== Instructions to follow ==
Reproduce the listing in full, pictures excluded.

== Data block ==
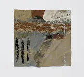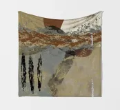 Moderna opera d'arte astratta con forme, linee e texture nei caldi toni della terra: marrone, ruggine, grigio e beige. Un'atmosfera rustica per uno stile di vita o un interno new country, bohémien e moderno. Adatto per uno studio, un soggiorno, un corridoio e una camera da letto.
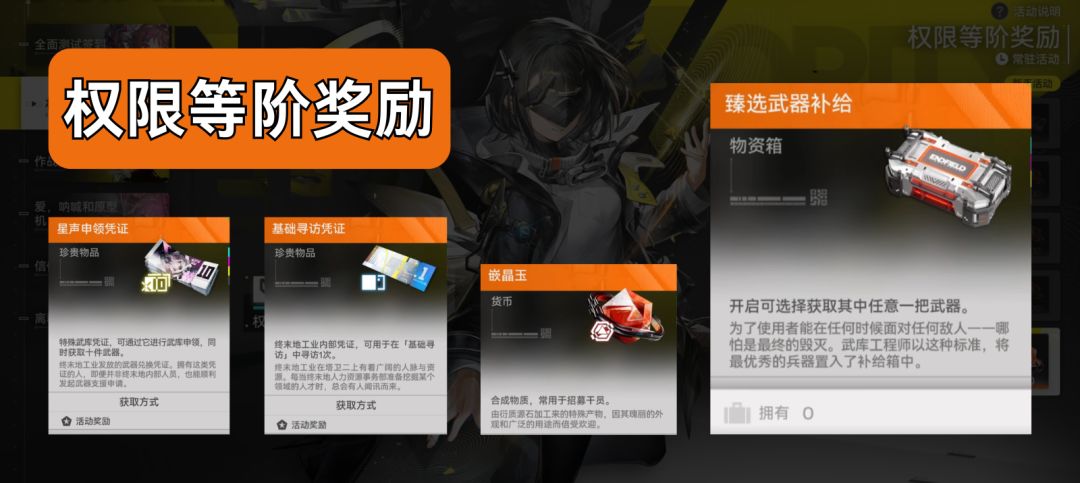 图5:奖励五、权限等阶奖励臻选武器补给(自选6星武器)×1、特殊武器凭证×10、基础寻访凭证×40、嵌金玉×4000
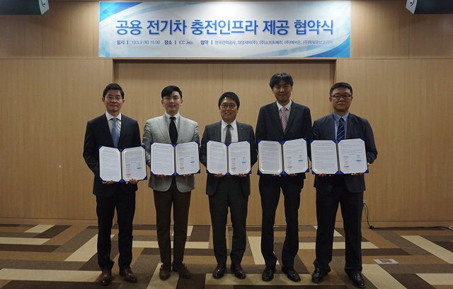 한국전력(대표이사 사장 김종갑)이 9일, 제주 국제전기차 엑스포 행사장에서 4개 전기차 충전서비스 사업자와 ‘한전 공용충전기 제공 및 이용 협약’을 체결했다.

== Reply to the task ==
 Moderna opera d'arte astratta con forme, linee e texture nei caldi toni della terra: marrone, ruggine, grigio e beige. Un'atmosfera rustica per uno stile di vita o un interno new country, bohémien e moderno. Adatto per uno studio, un soggiorno, un corridoio e una camera da letto.
 图5:奖励五、权限等阶奖励臻选武器补给(自选6星武器)×1、特殊武器凭证×10、基础寻访凭证×40、嵌金玉×4000
 한국전력(대표이사 사장 김종갑)이 9일, 제주 국제전기차 엑스포 행사장에서 4개 전기차 충전서비스 사업자와 ‘한전 공용충전기 제공 및 이용 협약’을 체결했다.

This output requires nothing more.